Recibieron 4.523 solicitudes en este periodo de tiempo y se llegó a la reestructuración de la deuda en 1.227 casos
Las 45 entidades financieras adheridas al Código de Buenas Prácticas (CBP) para la reestructuración viable de las deudas hipotecarias sobre vivienda habitual acordaron 397 daciones en pago en el último trimestre de 2013.
Según datos de la comisión de seguimiento, estas entidades recibieron en este periodo de tiempo 4.523 nuevas solicitudes, una cifra que supera a la registrada durante todo el primer año de funcionamiento (entre marzo de 2012 y el mismo mes de 2013), que fue de 4.385 solicitudes.
También revela una clara aceleración durante todo 2013, ya que se ha más que duplicado el número de peticiones respecto de las registradas en el primer trimestre (1.967).
De las 4.523 solicitudes recibidas, 2.904 (el 64,21%) se encontraban pendientes de resolver a finales de 2013. Durante ese tercer trimestre se resolvieron 3.849 solicitudes (algunas arrastradas de trimestres anteriores).
MÁS DE 1.500 PETICIONES RECHAZADAS
De ellas se denegaron 1.529 y se aceptaron 1.624. La no presentación de la documentación correspondiente y la renuncia del cliente (696 casos) fueron las causas principales de la denegación de la solicitud.
De las 1.624 operaciones realizadas, en 1.227 casos (el 75,55% de las realizadas, y el 31,88% de los expedientes tramitados) se llegó a una reestructuración viable de la deuda pendiente, y en 397 casos (24,45% de las realizadas y el 10,31% de los expedientes tramitados) se acordó la dación en pago y consiguiente extinción de la deuda.
En ningún caso la operación finalizó con una quita de la deuda por parte de la entidad con el fin de poder reestructurar la deuda de modo viable.

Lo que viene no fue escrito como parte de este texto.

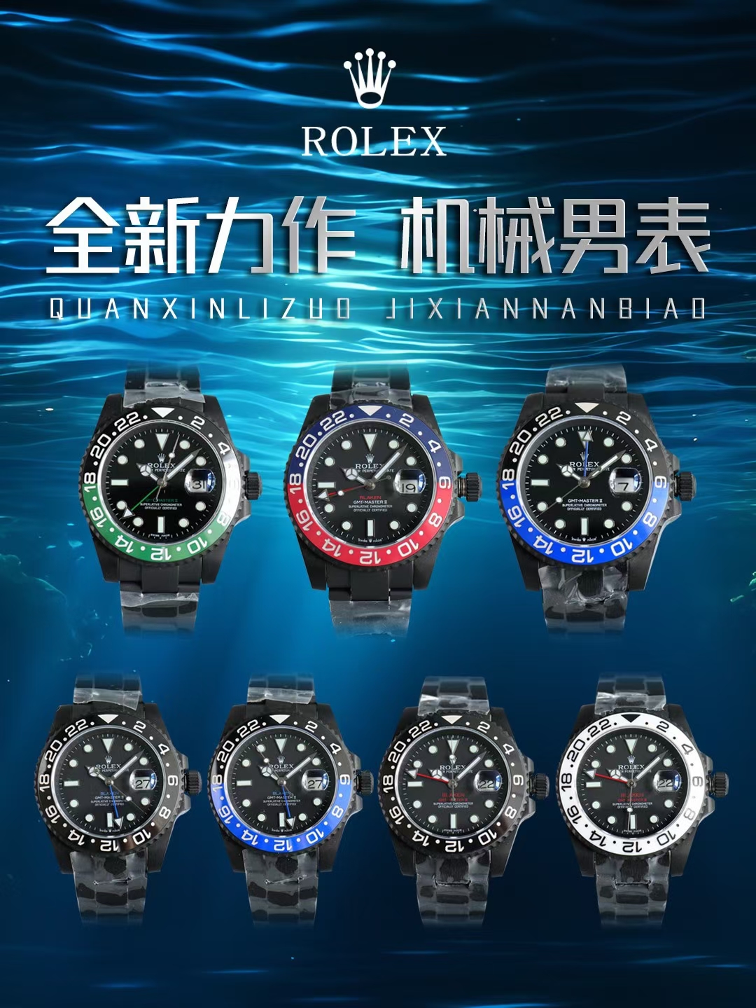 BLACK新品上市 勞力士BLACK官方客製化版格瑞尼治型REVENGE(米爾高斯復仇系列)限量款發售 全新DLC鍍黑工藝+防指紋涂层 一體雙向陶瓷旋轉錶圈 圈口边界變色过渡清晰 超級904L鋼材 搭載最新客製化版Cal.一體3186機芯 与原版一致的GMT針獨立单調時針調節日曆, 時針亦可回調日曆 還原正品全部功能 碳黑版米爾高斯復仇的最強副本。

La mejor acogida de las medidas incluidas en el CBP se explica por las mejoras introducidas en la Ley 1/2013 de 14 de mayo que supusieron ampliar y flexibilizar las medidas de protección. Por ejemplo, se permitió a las familias con ingresos hasta tres veces el Indicador Público de Renta de Efectos Múltiples (IPREM) acogerse al CBP, cuando antes debían carecer de rentas.
La unidad familiar ha debido sufrir una alteración significativa de las circunstancias económicas durante los últimos cuatro años y su cuota hipotecaria debe superar el 50% de los ingresos netos, entre otras modificaciones.